I'm not saying anything for or against this technology, but very large companies spend a huge amount of money getting hundreds of patents every year. Not so much because they want to build all this stuff, but because they want a huge portfolio of patents so that if "they" get sued for patent infringement, they can find something they patented that the "other guy" has violated. Sort of a Mutually Assured Destruction approach to intellectual property litigation. What counts is not really the quality of the patent portfolio, but the sheer size and the gargantuan breadth of the coverage of patents.

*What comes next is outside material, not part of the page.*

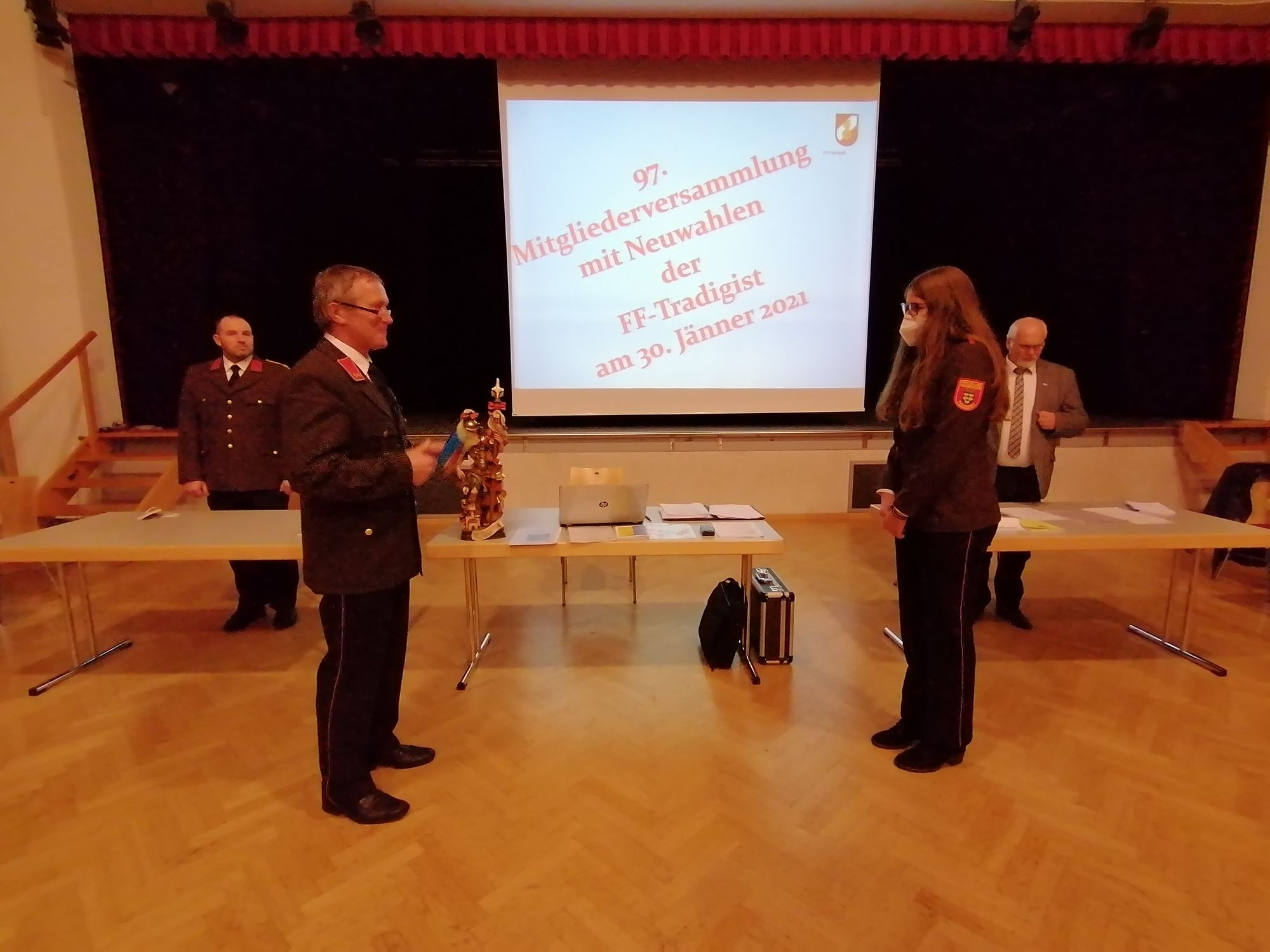 67 Mitglieder davon 50 aktive Mitglieder, 17 Reservisten, 1 Neuzugang (PFM Sarah Wieland). Sie wurde im Rahmen der Mitgliederversammlung angelobt, da die Angelobung zum geplanten Termin (Floriani) coronabedingt nicht stattfinden konnte. Auch alle Beförderungen fanden aus diesem Grund erst jetzt statt.

It's a silly thing to have to do, since most of the patents are frankly dumb, obvious, unoriginal, farfetched or impractical. But large corporations are forced to adopt this strategy since courts will happily punish companies with billions of dollars of damages. You've heard of getting "all lawyered up"? Well corporations also have to be "all patented up".
So you can budget for quite a large number of dubious patents being awarded in any given year. Because of the length of time involved, usually the patents are going to be concerned with the technology that was considered to be absolutely, blazing hot about 2-3 years before the patent is actually issued ... hence, drones in theme parks!
It's not correct to say courts are "punishing" companies with billions of dollars of damages. There have only been 5 or 6 patent infringement damage awards that have hit the $1 billion figure, and there are none more than $2 billion. Most if not all were awarded by juries, not judges, and most were later reduced or vacated by judges. In fact, half of the top 25 patent damages awards ever were subsequently reduced or vacated. That's in large part because damage awards must be tied to the value of the use of the patent - damages are not punitive, they are compensatory for the use of the invention (although punitive damages can be levied for egregious infringement or conduct).
Also, while it's true companies spend money on patenting the fruits of their R&D, including technology that they may never actually use, and applying for patents is in part for offensive and defensive patent litigation purposes, patenting their technology is not the primary goal nor really that substantial of an additional expense.
Disney and other companies aren't investing millions of dollars in R&D to create new patents as it sounds like you're suggesting - they're investing that money into developing new technology for use in their business. Patents are secondary and used primarily to protect those investments. And for large companies with big R&D operations, the additional cost of patenting technology after all the R&D investment is really not all that significant, so it makes sense to go ahead and do it (1) if it is something you want to use for a competitive advantage, you can exclude others, and (2) for the defensive purposes you described.
Also, note that by saying "most of the patents are frankly dumb, obvious, unoriginal, farfetched or impractical," you are saying the USPTO improperly issued most patents. Certainly, there are many patents that should not have been issued, but under U.S. law, an invention may not be patented if it is obvious, unoriginal, farfetched, or impractical, if by impractical you mean it it doesn't work as intended or is not useful (if you mean impractical for business/economic reasons, that's not required by law).